AT&T Proves It Was More Than iPhone Distributor
NEW YORK ( TheStreet) -- When discussing the competitive landscape in which telecom giant AT&T(T) operates, one of the biggest concerns for investors has had to do with the effects of having lost exclusivity rights to Apple's(AAPL) iPhone. Wall Street grew concerned over the company's ability to execute and maintain its leverage once fierce rivals in Verizon(VZ) and Sprint(S) entered the mix -- and I think it was valid, as the stock experienced a noticeable decline once iPhone rights were extended to Verizon and Sprint. But since then the stock has traded relatively flat and investors are now growing frustrated over what appears as an inability to "break out."
When considering an investment case for AT&T and (in particular) the entire telecom sector, the prevailing rationale has always been that the companies were "safe picks" -- particularly from the standpoint that they offer solid dividends absent their large premiums. But I am beginning to wonder that just maybe it might be time for a new perspective for AT&T -- one where growth can be proven to not be the enemy of maturity.
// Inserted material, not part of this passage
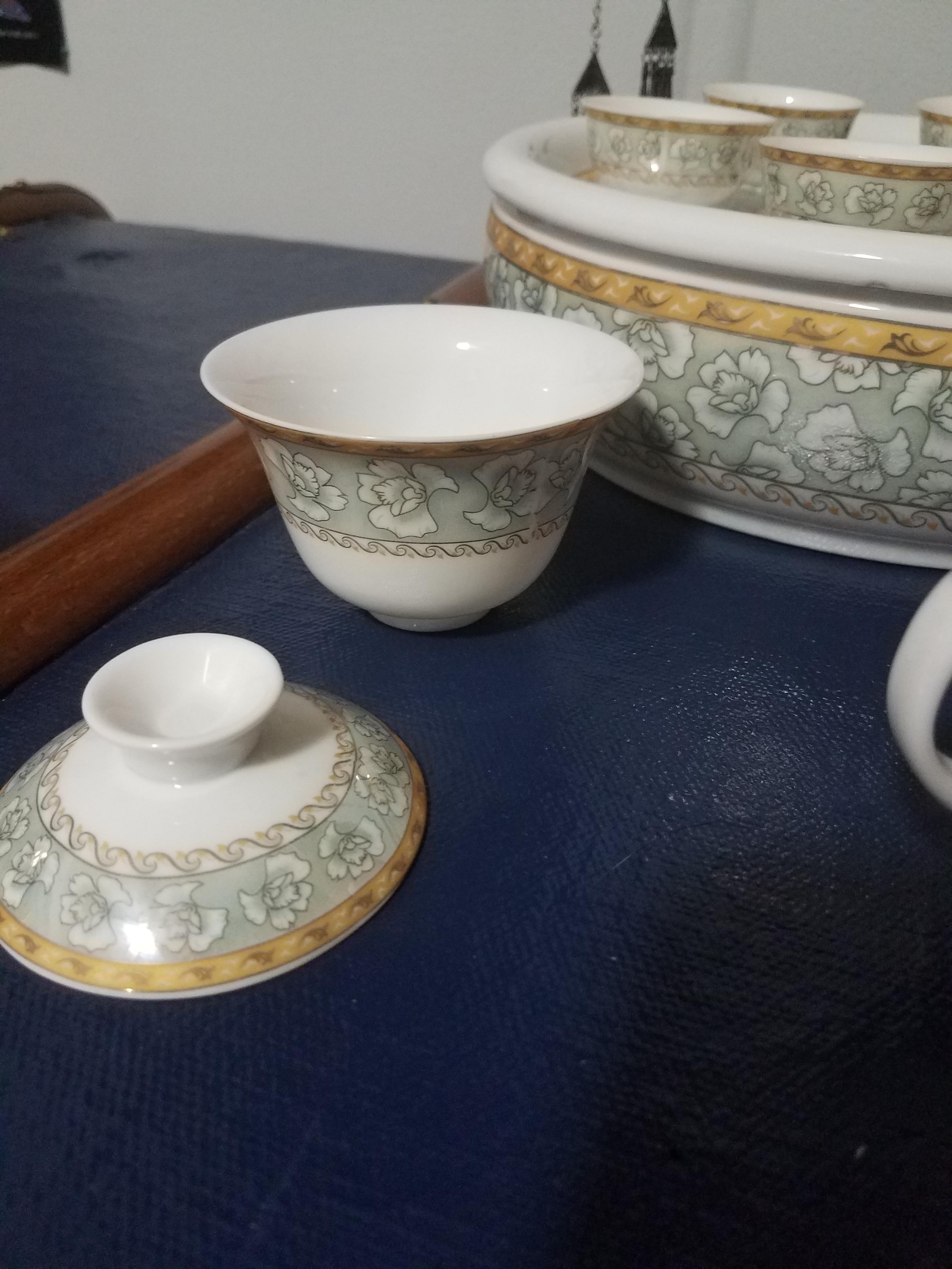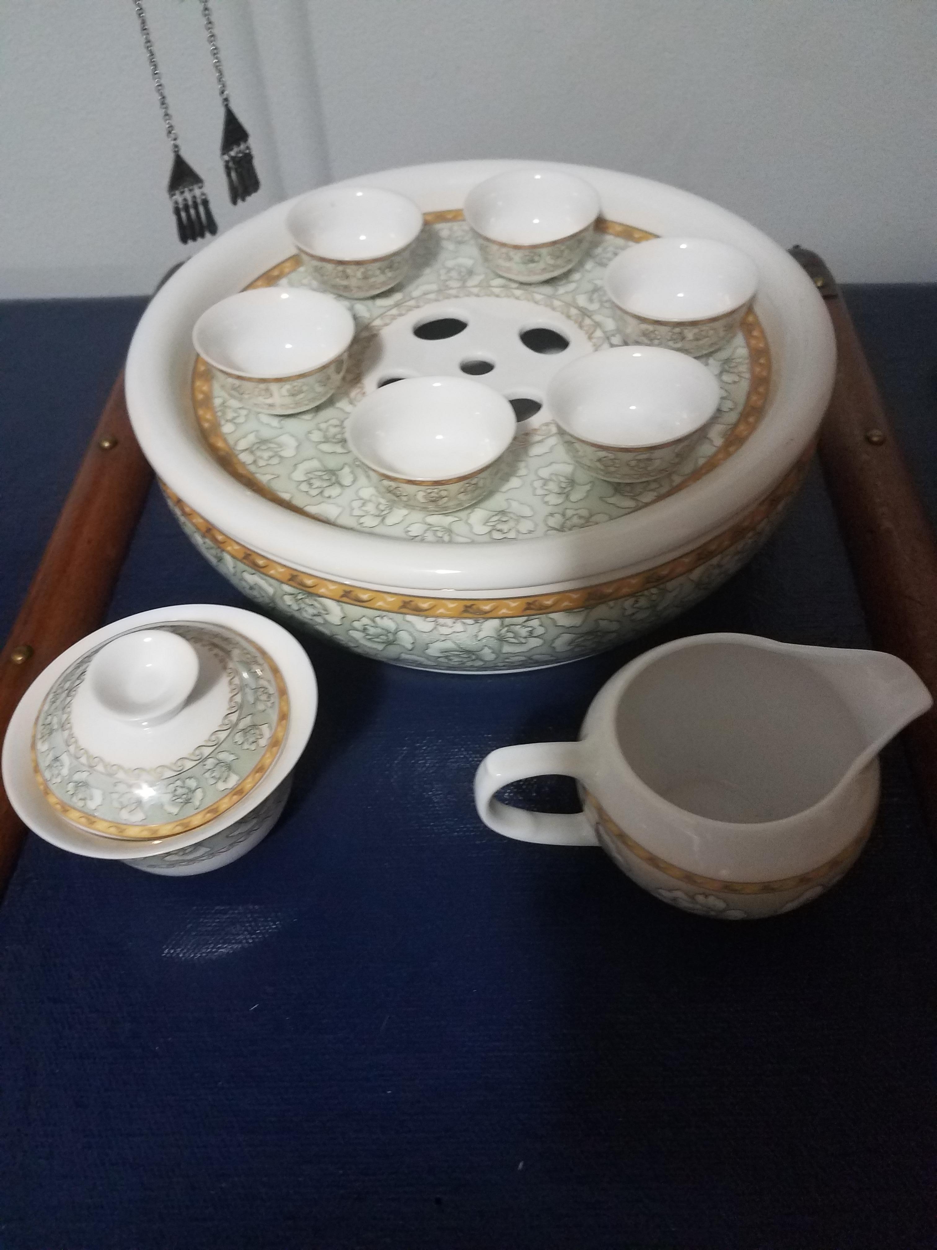 Got this set from a second hand shop. Floral green design with some gold coloring. One of the little tea cups and the sugar container have the markings on them. Pretty sure they arent old as they are printed not painted on. Theres 6 cups, the stand has holes in the middle and the lid comes off. Also has a sugar and cream container. I dont know much about it, im only gurssing its a tea set. Any info would be greatly appreciated

Leading into the company's Q1 earnings results, not only was I looking for justification that it deserves consideration in my portfolio, but for evidence it can execute well enough to increase separation between itself and Verizon and to a lesser extent Sprint.
|Losing exclusivity to the Apple iPhone should no longer worry potential AT&T investors.|
A better quarter Q1
Last week the company beat analysts' expectations by logging $31.8 billion in revenue and registering profits of $3.6 billion -- an increase of 1.8% over the $3.4 billion it posted in the same period a year ago. Analysts surveyed by Thomson Reuters were looking for sales of $31.85 billion. The company earned 60 cents a share (excluding items) -- an increase from the 57 cents per share earned in last year's quarter while also topping analysts' estimates of 57 cents. Not only is the company demonstrating tremendous overall growth, but it is doing exceptionally well from its U-Verse business to the extent that its revenues grew dramatically -- almost 40%.
Of course, its core wireless business continues to be its bread and butter; that part of the operation climbed more than 5% on an annual basis, to $16.1 billion. All of this while also growing its wireless data revenue to $6.1 billion, or just shy of 20%. What I thought was pretty remarkable was the fact that AT&T added 726K net subscribers for the quarter -- increasing its total to 104 million -- a performance that contributed to a 70% annual increase as it reached just under 6 million customers. I think this trend dispels any cause for concern over having lost exclusivity to the iPhone.